34 Poderíamos tratar a cultura conceitualmente, todavia esse não é o propósito desta descrição arqueológica dos saberes, enquanto função enunciativa da EJA, mas compreender como o signo cultura está articulado no discurso da EJA, presente no Curso de Pedagogia.

sabe inculto' já se opunha aos novos conceitos antropológicos […]” no discurso da Educação Popular (PAIVA, 1987, p. 213). Esses enunciados são denominados, no discurso antropológico, como uma visão preconceituosa acerca do jovem, do adulto ou do idoso da EJA. Em outras palavras, o fato de milhares de pessoas nunca terem frequentado a escola não autoriza, nesse campo de domínio, a afirmação de uma ausência, carência ou deficiência cultural. Isso se sustenta na afirmação de que essas pessoas não vivem isoladas umas das outras nem do mundo.
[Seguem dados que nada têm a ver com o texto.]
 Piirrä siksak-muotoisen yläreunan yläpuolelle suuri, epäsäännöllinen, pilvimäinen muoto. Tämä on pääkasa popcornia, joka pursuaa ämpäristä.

O fato de não dominarem a língua escrita, de não falarem outros idiomas, além de sua língua materna, de não terem se apropriado do conhecimento científico não quer dizer ausência nem autoriza, do ponto de vista da Educação Popular, a se negar a existência de cultura.
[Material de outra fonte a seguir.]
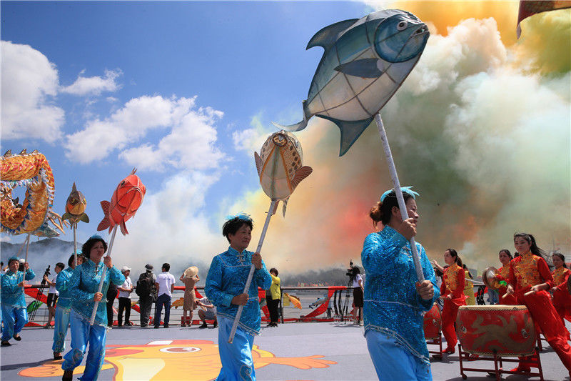 8月16日,演员在开渔节上表演舞狮。 新华社记者 周自扬 摄

A Educação Popular se apropria do campo de domínio antropológico. Isso ocorre no vínculo estabelecido entre a noção de cultura e tudo aquilo que não é produto da natureza, isto é, as obras humanas. “O conceito antropológico de cultura, a distinção entre o mundo da natureza e o mundo da cultura e o realce do papel ativo do homem sobre a realidade criando cultura […]” (PAIVA, 1987, p. 252) constituem um enunciado que ganha status singular na Educação Popular, sobretudo ao se relacionarem aos enunciados mobilizados nas ideias freireanas, que propõem que os educadores

[…] visitem [os educandos] em horas de trabalho no campo; que assistam a reuniões de alguma associação popular, observando o procedimento de suas participantes, a linguagem usada, as relações entre diretoria e sócios; o papel que desempenham as mulheres, os jovens. É indispensável que visitem em horas de lazer; que presenciem seus habitantes em atividades esportivas; que conversem com pessoas em suas casas, registrando manifestações em tôrno (sic) das relações marido-mulher, pais-filhos […] (FREIRE, 1981, p. 124).
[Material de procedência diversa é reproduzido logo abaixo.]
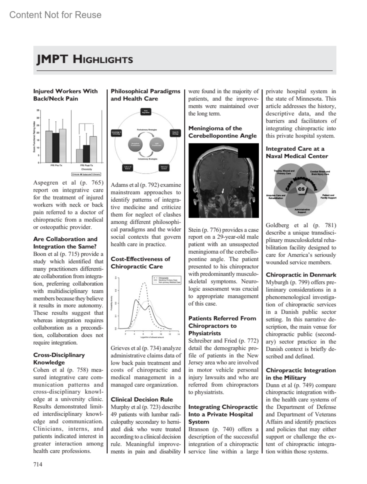 JMPT HighlightsJournal of Manipulative and Physiological Therapeutics 32(9):p 714, November 2009.Copyright ©2009 Elsevier, Inc.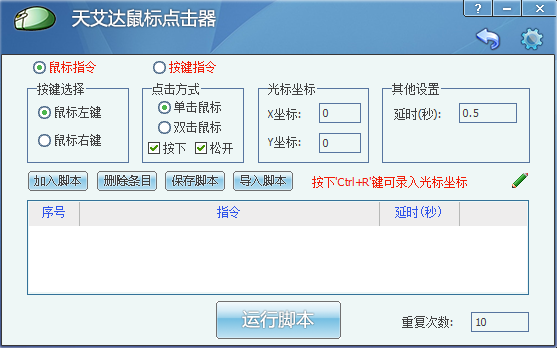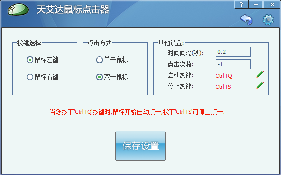 天艾达鼠标连点器是一款非常强大的鼠标连点器,天艾达鼠标连点器最新版之中用户可以使用该软件快速设置好鼠标的自动点击频率,在该软件之中鼠标的频率设置完成之后就可以选择好快速频率,点击开始鼠标将会快速点击好屏幕。

Trata-se de pensar “o conceito antropológico de cultura […] através de sua compreensão, [e problematizar] o papel dos homens no mundo e com o mundo, como sêres (sic) da transformação e não da adaptação” (FREIRE, 1981, p. 136). Se a cultura é situada enunciativamente como tudo aquilo que é obra humana, desde uma atividade surgida há milênios, como a agricultura, até o atual desenvolvimento tecnológico, é uma irracionalidade afirmar que determinados grupos ou classes sociais são incultos. Nessa ordem do discurso, “[...] a alfabetização e a promoção da cultura popular eram vistas como tarefas políticas, como meio de libertação popular” (1987, p. 247). A Educação Popular socializa essa reflexão com os próprios sujeitos envolvidos no processo educativo, criando condições para que eles se reconheçam como seres de cultura e produtores de saberes diversos.